Harvard. Yale. Princeton. Dartmouth.
In New York, Wall Street firms recruit heavily from these prestigious East Coast schools, while students from the Carlson School of Management and other Midwest institutions struggle for attention.
“If you don’t have an Ivy League background, it takes more to get face time, more to get an interview. And you just have to be lucky sometimes,” said Matt Monson, a 2005 Carlson School finance and marketing graduate.
Monson got lucky, he said, landing a full-time job with UBS where he had interned the previous summer. Over the past few years, he and several other Carlson School students have exchanged “Minnesota nice” for the straightforwardness of New York City.

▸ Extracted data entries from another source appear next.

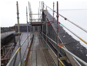
Belzona 3131 application

Two large roofs were experiencing leaks due to ageing mineral felt. This was causing issues to the operations inside the buildings.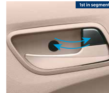
Speed sensing auto door lock & Impact sensing auto door unlock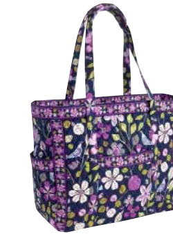
Get Carried Away Tote #11024 18 1/4" x 15 1/2" x 7 1/2" 12 1/2" strap drop suggested retail $92 M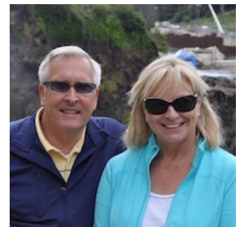
The Royal Couple, Lord and Lady Wake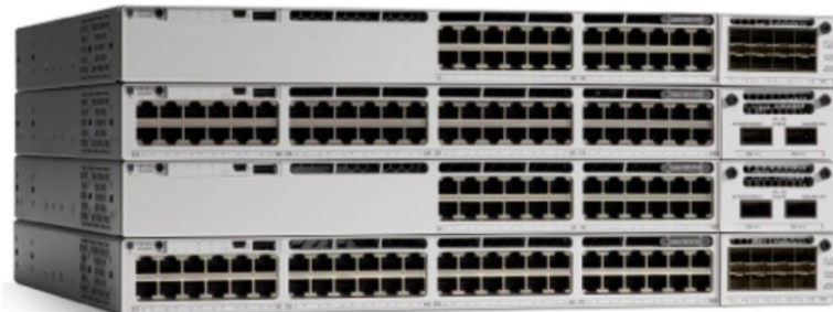
Figure 1. Cisco Catalyst 9300 Series Switches

Table 1 lists port scale and power details for the Cisco Catalyst 9300 Series models.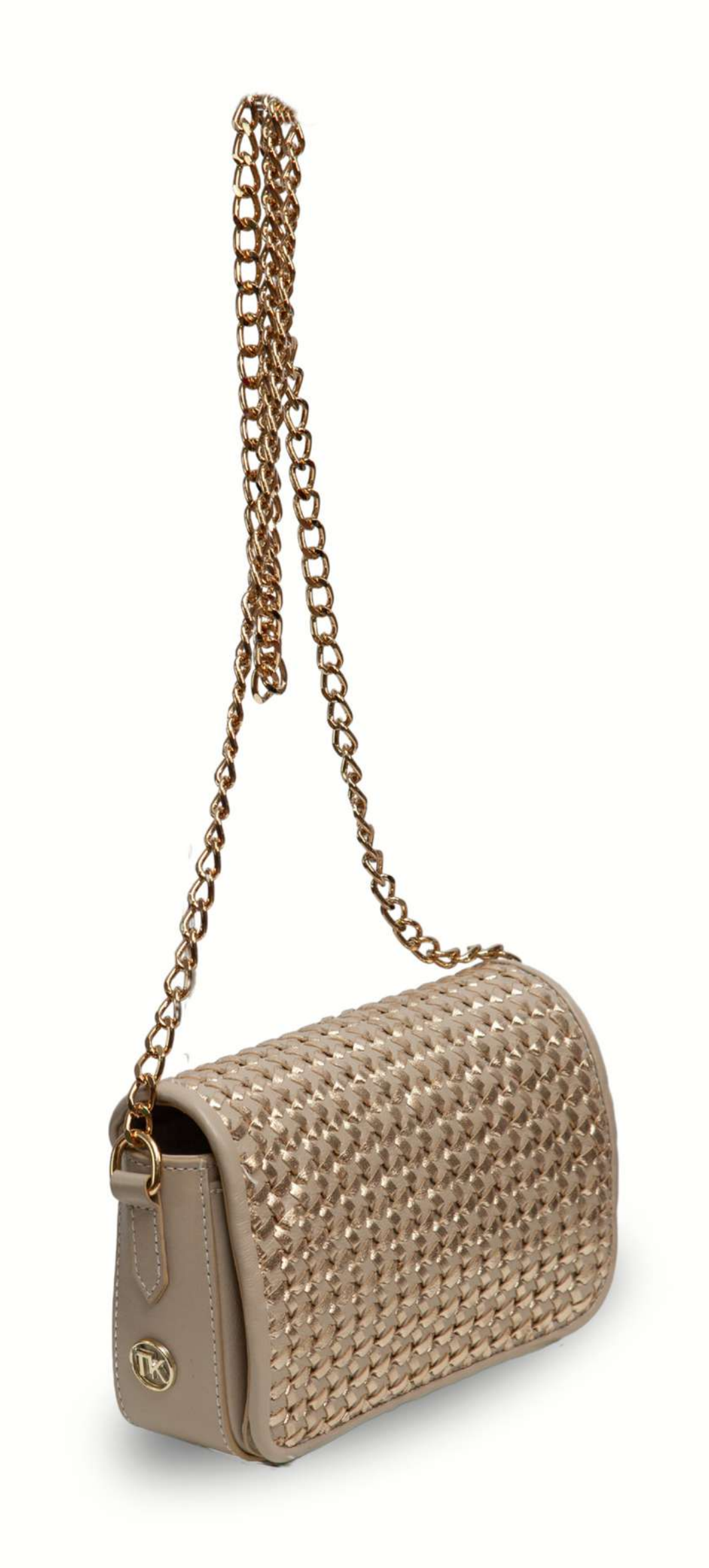
TINI/\ for you. for all.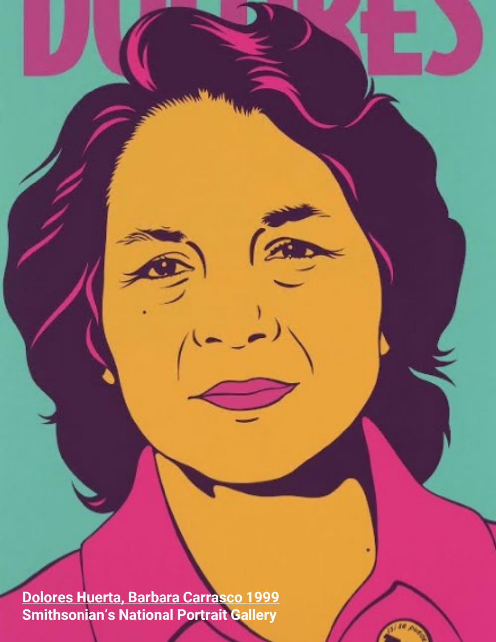
Dolores Huerta, Barbara Carrasco 1999 Smithsonian's National Portrait Gallery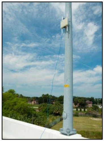
Highway pole mounted DSRC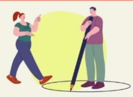
Move back or maintain distance if she's trying to get close.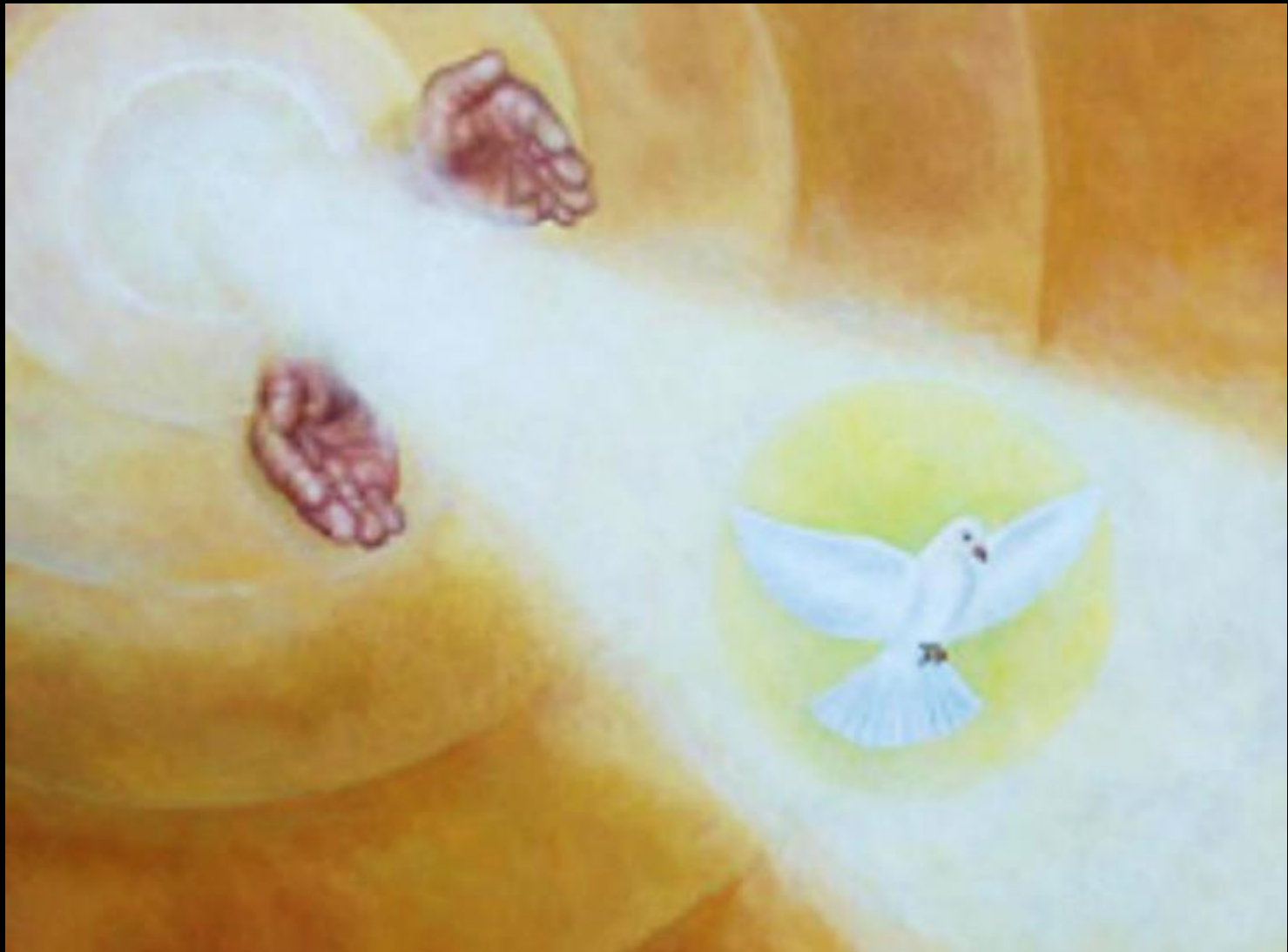
Church of the Holy Trinity, Caacupe, Paraguay

Before heading out, these students received practical training at the Carlson Funds Enterprise, a student-run program that manages the investments of several local banks. The six-credit class meets for three semesters at a Carlson School lab, where they learn the ins and outs of investing. Currently, 22 graduate students and five undergraduates are participating, and each is assigned a mentor.
“At age 55, I didn’t think I was washed up,” said Carlson Funds Enterprise director Joe Barsky, who came out of retirement two years ago to guide the fund after spending the previous 24 years working for Ameriprise and its predecessor. “Here is a great opportunity to help somebody get into the business and figure out where they want to go. That’s my role here.”
The students have performed “outstandingly well,” besting many professional investors, Barsky said. Since its inception in 1998, the Carlson Growth Fund has grown by more than 75 percent. Another fund, the two-year-old slow-growth Fixed Income Fund has seen smaller, yet steady gains.
Though he spends five to 15 hours a week for two credits a semester, the experience has been worth it, said Brandon Kanz, a second-year graduate student in business administration who was putting in extra time at the lab Thursday afternoon.
“If you want to go into the investment management business, it’s the only way you can get hands-on experience,” he said.
Before Barsky took over, the Carlson Funds Enterprise enrolled only graduate students. But since New York companies prefer plucking undergraduates directly from college, he said he decided to let a few of them into the class so they could get crucial experience. He hopes that someday the program will be the best in the nation, he said.
But school can prepare students only so much for the Wall Street work environment, which Nasdaq chief executive Robert Greifeld called “open and unfettered capitalism,” in an interview at the University last month.
The Carlson School taught the basics, but the real investment-banking world is much more complicated, said Monson, who specializes in debt products.
“It was a base, a foundation to start,” he said. “Now we’ve gone 10 times beyond where we were in school.”
After earning a biology degree from Carleton College and working on the Human Genome Project, Avanish Vellanki decided to enroll at the Carlson School to pursue his MBA, which he received in 2004. Now he’s working 15 hours a day for Bear Stearns, where he analyzes biotechnology stocks.
The long hours are worth it, he said, because of Wall Street’s significant influence on the rest on the world.
“I think I was prepared for what I was getting into,” he said. “In Manhattan, life is work. It’s really all about the career.”
New York “fed my personality and energy level,” said Ana Sarmiento, who studies finance and international business at the Carlson School.
Five years ago, the Colombia native couldn’t speak English. Next spring, Sarmiento will return to New York to work for Lehman Brothers ” the same place she interned this summer.
“If I get tired of it, I’ll probably go back to school for an MBA,” she said.